Generasi Z menonjol sebagai kelompok yang paling aktif. Sekitar 13% mengatakan mereka telah membayar kencan menggunakan kripto. Angka ini turun tajam di kalangan generasi yang lebih tua. Hanya sebagian kecil dari seluruh populasi melaporkan perilaku serupa.
Banyak pengguna muda juga menunjukkan minat terhadap kebiasaan terkait kripto. Beberapa mengatakan mereka akan membagi tagihan atau mengirim tip kecil kripto setelah kencan. Tetapi kurangnya dukungan merchant tetap menjadi hambatan terbesar. Banyak tempat masih belum menerima aset digital secara langsung. Ini menciptakan kesenjangan yang jelas. Minat tampak kuat, tetapi penggunaan di dunia nyata tetap terbatas. Sampai alat pembayaran menjadi lebih mudah, adopsi mungkin berkembang perlahan.
Survei OKX juga mengeksplorasi kripto sebagai hadiah romantis. Sekitar 31% dari Generasi Z mengatakan mereka akan tertarik dengan aset digital sebagai hadiah Valentine. Itu menunjukkan minat yang lebih besar di kalangan pengguna muda dibandingkan populasi umum.
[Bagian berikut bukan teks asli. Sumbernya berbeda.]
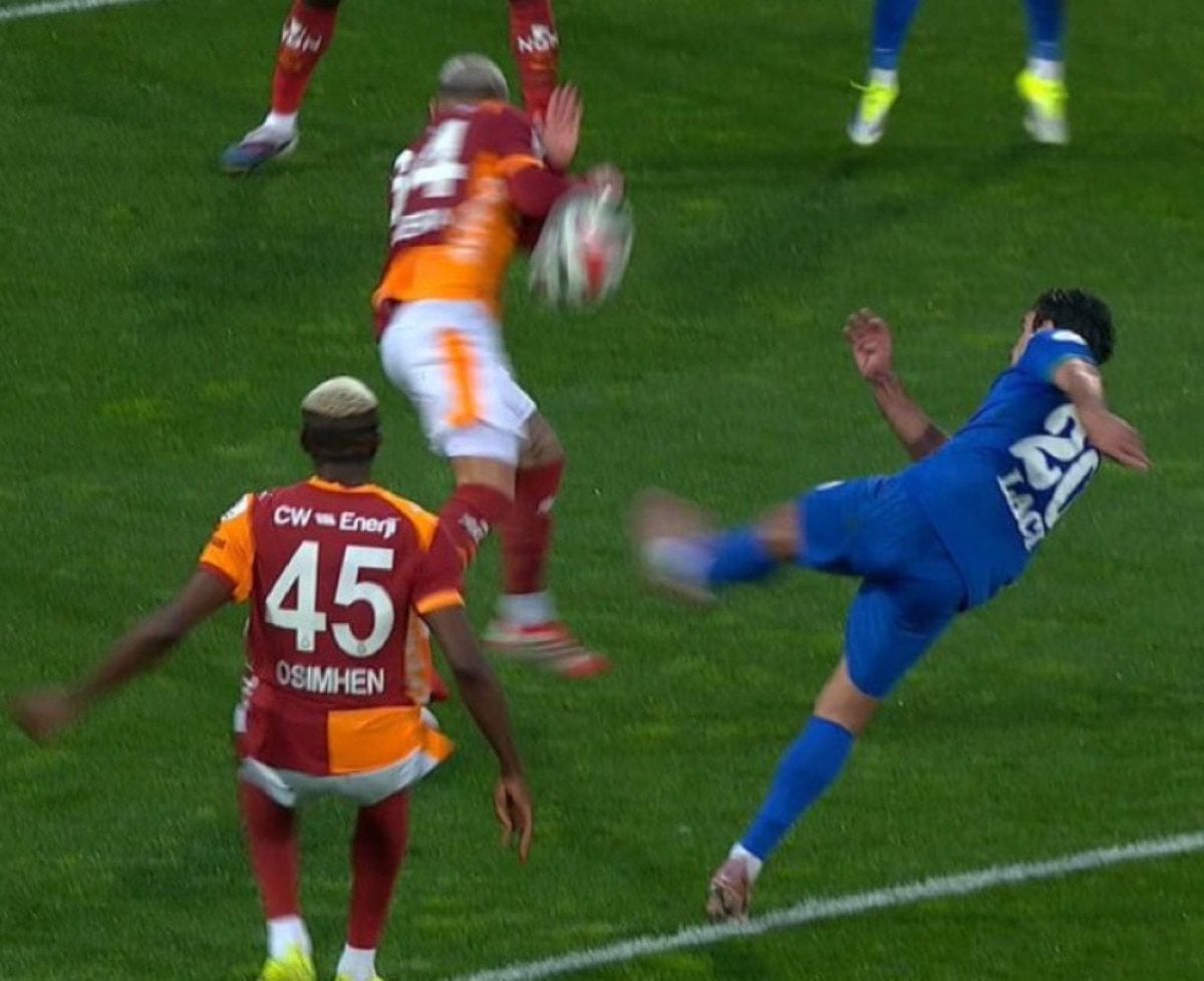 Karşılaşmanın 43. dakikasında Laçi’nin vuruşunda top Lucas Torreira’dan sekti. Rizesporlu oyuncular, bu pozisyond elle oynama ve penaltı bekledi.
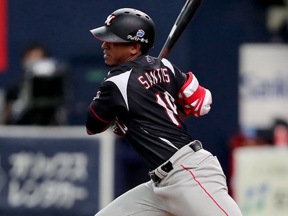 1番 サントス 右飛 高めのストレートを打つもライトフライ 2アウト |
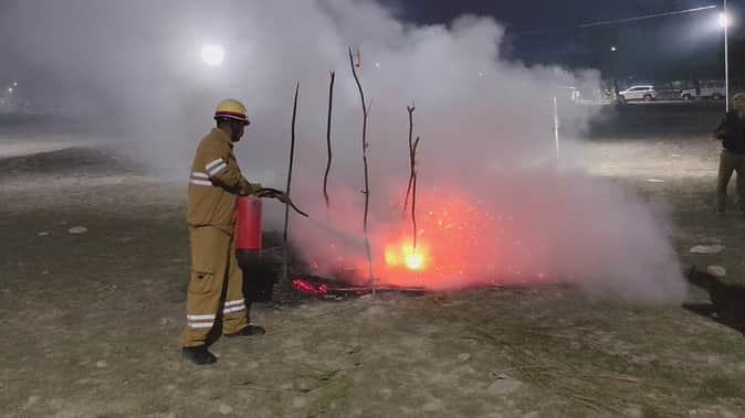 पुलिस लाइन में मॉकड्रिल के दौरान आग बुझाते पुलिस कर्मी- प्रशासन

Di antara semua responden, sekitar 21% mengatakan menerima kripto bisa menjadi “penarik”.
Namun, hadiah tradisional masih mendominasi. Sekitar 35% orang mengatakan mereka lebih suka hadiah klasik seperti bunga atau cokelat. Kelompok besar lainnya mengatakan mereka bersikap netral terhadap hadiah kripto. Ini menunjukkan bahwa kripto masih dalam fase eksperimen untuk romansa. Beberapa melihatnya sebagai hal modern dan menarik. Yang lain masih lebih suka opsi yang sudah dikenal.
Literasi keuangan muncul sebagai faktor utama dalam daya tarik. Sekitar dua pertiga dari semua responden mengatakan pengetahuan keuangan pribadi penting saat menilai pasangan. Di kalangan Generasi Z, angka ini naik menjadi 76%. Responden muda juga menghargai pengetahuan tentang aset digital. Lebih dari setengah mengatakan memahami kripto atau dompet digital dapat membuat seseorang lebih menarik. Tetapi hanya 17% yang mengatakan memiliki kripto saja meningkatkan daya tarik. Ini menunjukkan pergeseran prioritas. Pengetahuan dan tanggung jawab lebih penting daripada sekadar kepemilikan aset.
Survei OKX menunjukkan adanya pergeseran budaya. Bagi Generasi Z, kripto bukan hanya investasi. Ia perlahan menjadi bagian dari kehidupan sehari-hari, termasuk berkencan dan memberi hadiah. Namun, hambatan tetap ada. Infrastruktur pembayaran dan tingkat kepemilikan terus membatasi penggunaan nyata. Minat saja tidak menjamin adopsi. Seiring waktu, alat pembayaran yang lebih baik bisa mengubah hal itu. Pengguna muda sudah menunjukkan rasa ingin tahu yang besar. Saat mereka menjadi kekuatan ekonomi utama, kripto mungkin menemukan tempatnya dalam pengalaman sosial sehari-hari.